The curator of the exhibition, Hercules Papaioannou, points out the origins of landscape painting and its application in Greece: “Landscape painting emerged as a side project in the background of paintings in the early Renaissance, but as an autonomous subject it was established only in the mid-16th century. In Greece, it appeared in the last quarter of the 19th century and was established, with at least naturalistic fidelity, in the 20th thanks to photography. The 19th century had been preceded by the widespread circulation of the photographic landscape with ruins, which validated the modern Greek ideology of antiquities.
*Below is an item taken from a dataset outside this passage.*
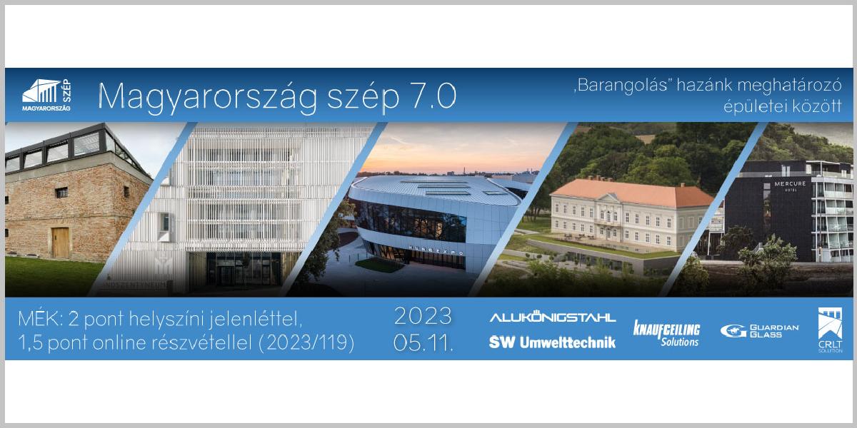 Magyarország szép 7.0 – Barangolás hazánk meghatározó épületei közöttKépzés / Továbbképzés2023. április 25. Konferencia személyes és online részvétellel.A 2021-ben útjára indított Magyarország szép címet viselő hibrid lebonyolítású konferenciasorozatunk a 2023. február 16-i rendhagyó, Év háza családi házak tematika után, ismét a környezetüket meghatározó, nemrég elkészült középületek szemlézésével folytatódik. A továbbképzés fő fókusza olyan itthoni közintézmények, kulturális intézmények, szállodák, kastélyok, amelyek az építészeti kultúránkra is nagy hatást gyakorolnak. Az újabb egész napos „kirándulással” megismerhetünk az elmúlt évekből számos meghatározó nagyberuházást, és folyamatban lévő projekteket is górcső alá veszünk. Ezúttal a zalaegerszegi Mindszentyneum, a Szolnoki Szentháromság templom és volt Ferences rendház, a debreceni Mercure Tokaj Center, az Alsóbogáti kastély és környezete, a megújult Bodajki Vadászkastély, a veszprémi Actycity, a nyíradonyi gyümölcsfeldolgozó és a Hungexpo F1 Fogadóépülete felé vesszük az irányt. Neves építész előadóink segítségével nyerhetünk bepillantást e meghatározó épületek tervezési és megvalósulási folyamatába. A témához kapcsolódó alkalmazástechnikai előadások rendhagyó módon szintén kifejezetten nagyberuházásokat, konkrét megvalósult példákat bemutatva bővítik a résztvevők szakmai tudását. Akkreditáció: MÉK 2 pont helyszíni jelenléttel, 1,5 pont online részvétellel (2023/119) Időpont: 2023. május 11. A több mint 7 órás online továbbképzés május 11-én követhető élőben, és budapesti helyszínen személyesen is részt lehet venni. A közvetítés helyszíne, ahová a kollégákat várjuk: FUGA Budapesti Építészeti Központ (1052 Budapest, Petőfi Sándor utca 5.) Program és regisztráció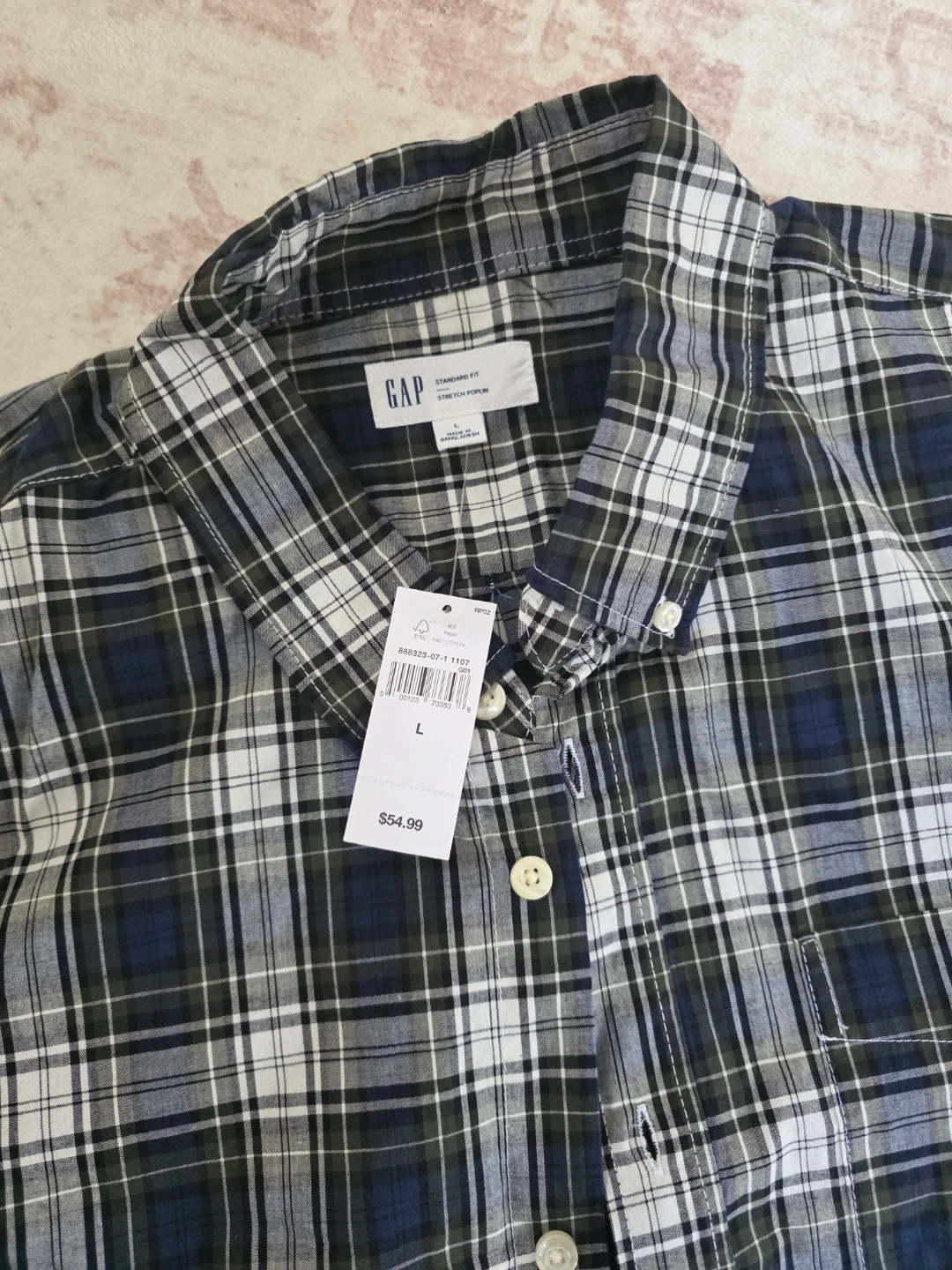 This GAP button-down shirt features a classic plaid pattern in navy, green, and white. It's a men's size large with a standard fit. The shirt is made from a comfortable fabric blend.

The work of Swiss photographer Fred Boissonnas and Nelly's, dating to the early 20th century and the interwar period respectively, played a key role: immersed in history, folklore, and mythology, it contributed to turning landscape, even devoid of ruins, into a pillar of the official national narrative, along with the aura of the illustrated periodicals of the time, which by then had started publishing amateur landscape photographs. In the post-war period, the island landscape, in both its actual and picture versions, was used as a vehicle to promote mass tourism. They were followed by worthy photographers, who recorded many different aspects of landscape photography in the country.
Curated by: Iraklis Papaioannou, curator of MOMus-Thessaloniki Museum of Photography


Participating photographers: Konstantinos Gdontakis, George Yatromanolakis, Katerina Digoni, Kostas Kapsianis, Demetris Koilalous, Babis Kougemitros, Yannis Koukourakis, Petros Koumplis, Ioannis Konstantinou, Iliana Meintani, Pericles Boutos, Rea Papadopoulou, Kosmas Pavlidis, Achilleas Tilegraphos, Konstantinos Tountas, Marinos Tsagkarakis, Panos Charalambidis and Mary Chairetaki, Jeff Vanderpool


The exhibition is accompanied by a bilingual catalog.